*TASK BRIEF*: From the entries below, output the line with "Iscrizione obbligatoria: biblioteca.gessate@cubinrete.it" and each following line up to and including the line with "4. 第三个玩偶在区域右侧巨大雕像的上方", exactly as written.

*GIVEN RECORDS*:
Start of Block

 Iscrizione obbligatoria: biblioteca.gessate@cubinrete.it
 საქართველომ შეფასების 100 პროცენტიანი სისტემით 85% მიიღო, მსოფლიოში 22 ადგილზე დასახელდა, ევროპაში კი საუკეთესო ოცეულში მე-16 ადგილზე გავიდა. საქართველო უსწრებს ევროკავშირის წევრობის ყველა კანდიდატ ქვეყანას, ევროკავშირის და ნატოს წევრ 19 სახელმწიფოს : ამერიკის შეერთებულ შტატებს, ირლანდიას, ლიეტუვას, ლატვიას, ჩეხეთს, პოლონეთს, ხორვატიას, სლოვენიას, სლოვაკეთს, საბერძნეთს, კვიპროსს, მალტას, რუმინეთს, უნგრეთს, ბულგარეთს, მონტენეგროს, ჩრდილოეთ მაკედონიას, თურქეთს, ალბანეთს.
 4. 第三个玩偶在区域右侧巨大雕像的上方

End of Block
Start of Block

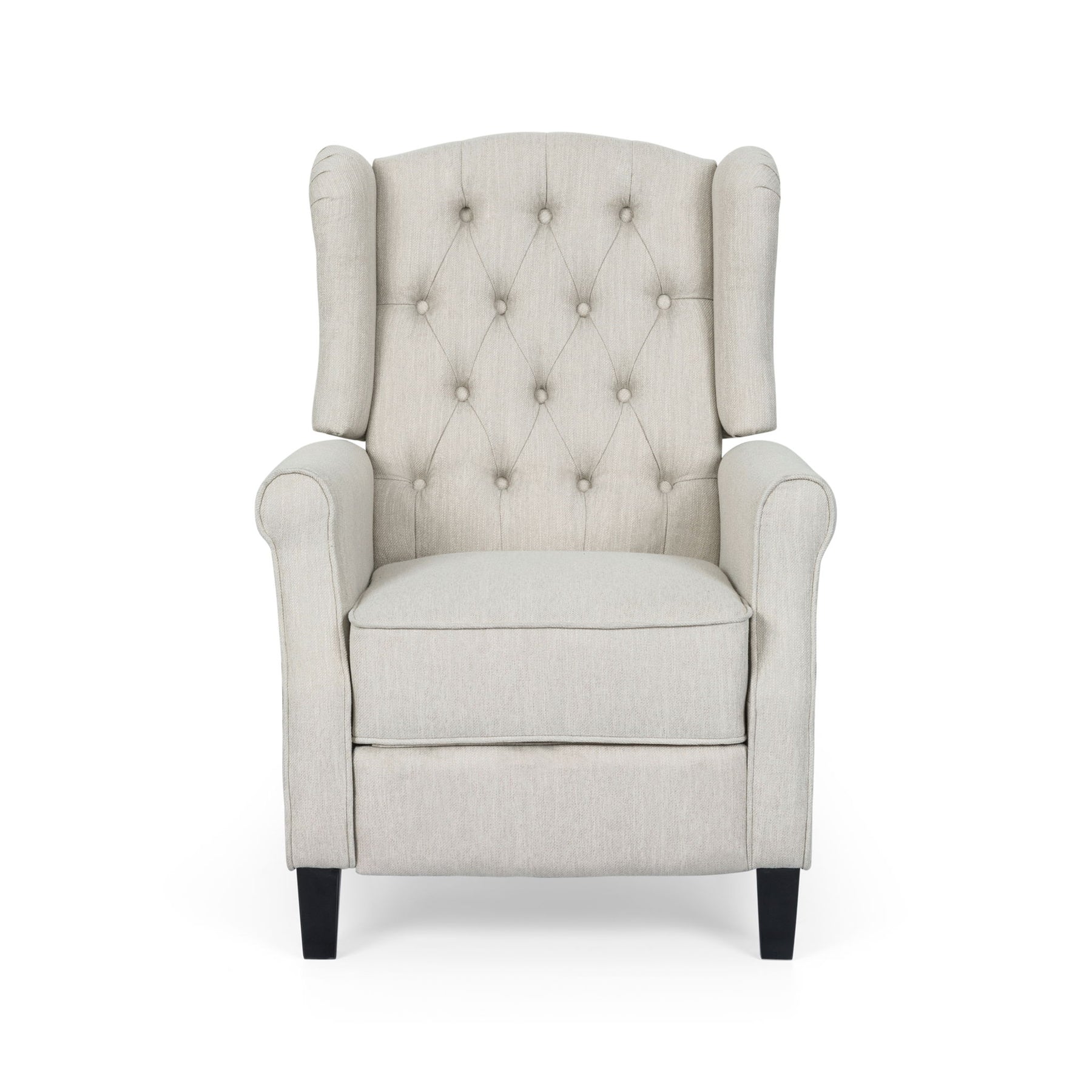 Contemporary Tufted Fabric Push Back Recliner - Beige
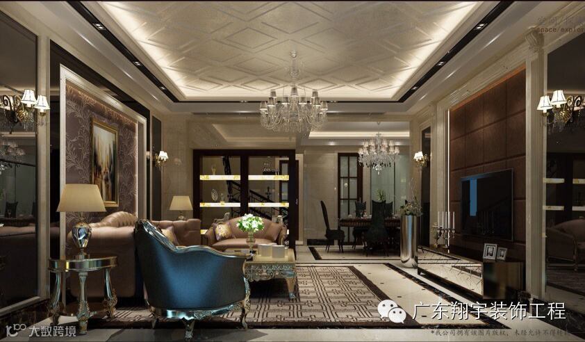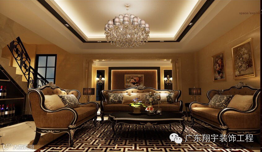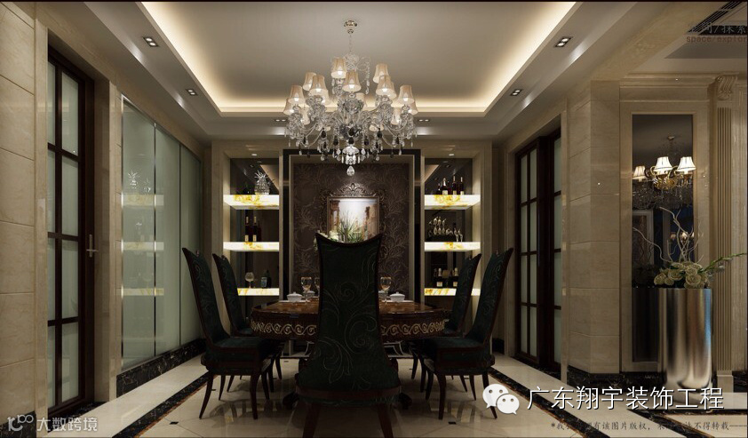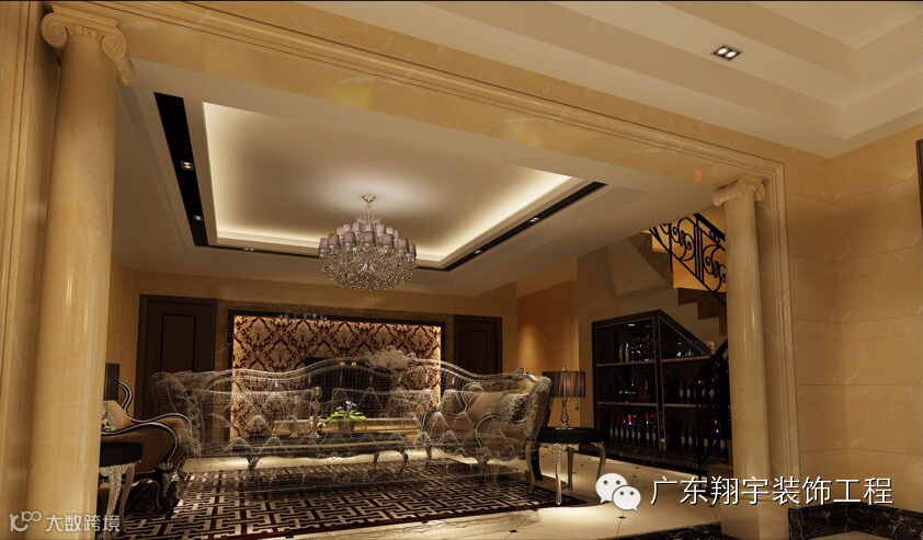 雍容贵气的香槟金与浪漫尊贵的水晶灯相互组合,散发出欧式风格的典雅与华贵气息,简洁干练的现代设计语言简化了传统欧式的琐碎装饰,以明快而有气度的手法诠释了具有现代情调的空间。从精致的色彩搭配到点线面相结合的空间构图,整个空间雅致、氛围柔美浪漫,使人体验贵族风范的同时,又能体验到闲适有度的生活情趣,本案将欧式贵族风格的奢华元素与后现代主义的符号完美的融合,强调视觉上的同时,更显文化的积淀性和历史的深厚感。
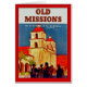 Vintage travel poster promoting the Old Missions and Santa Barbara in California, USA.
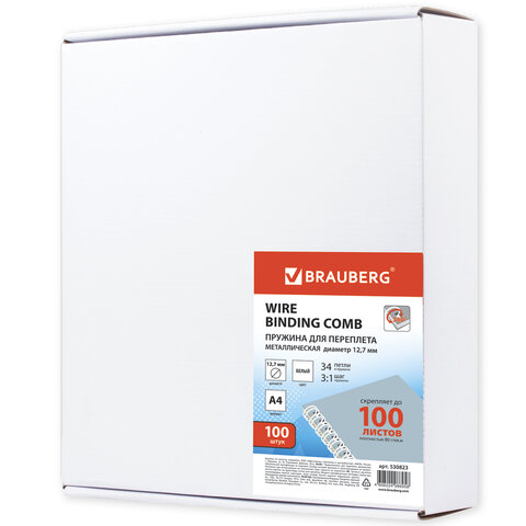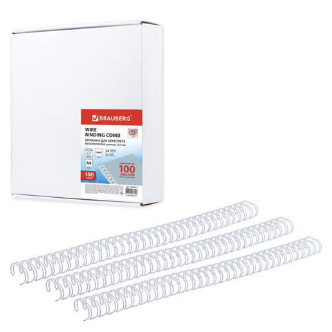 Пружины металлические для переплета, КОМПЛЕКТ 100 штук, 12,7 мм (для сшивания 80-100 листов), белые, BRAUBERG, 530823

End of Block

*ANSWER FOR THE TASK*:
 Iscrizione obbligatoria: biblioteca.gessate@cubinrete.it
 საქართველომ შეფასების 100 პროცენტიანი სისტემით 85% მიიღო, მსოფლიოში 22 ადგილზე დასახელდა, ევროპაში კი საუკეთესო ოცეულში მე-16 ადგილზე გავიდა. საქართველო უსწრებს ევროკავშირის წევრობის ყველა კანდიდატ ქვეყანას, ევროკავშირის და ნატოს წევრ 19 სახელმწიფოს : ამერიკის შეერთებულ შტატებს, ირლანდიას, ლიეტუვას, ლატვიას, ჩეხეთს, პოლონეთს, ხორვატიას, სლოვენიას, სლოვაკეთს, საბერძნეთს, კვიპროსს, მალტას, რუმინეთს, უნგრეთს, ბულგარეთს, მონტენეგროს, ჩრდილოეთ მაკედონიას, თურქეთს, ალბანეთს.
 4. 第三个玩偶在区域右侧巨大雕像的上方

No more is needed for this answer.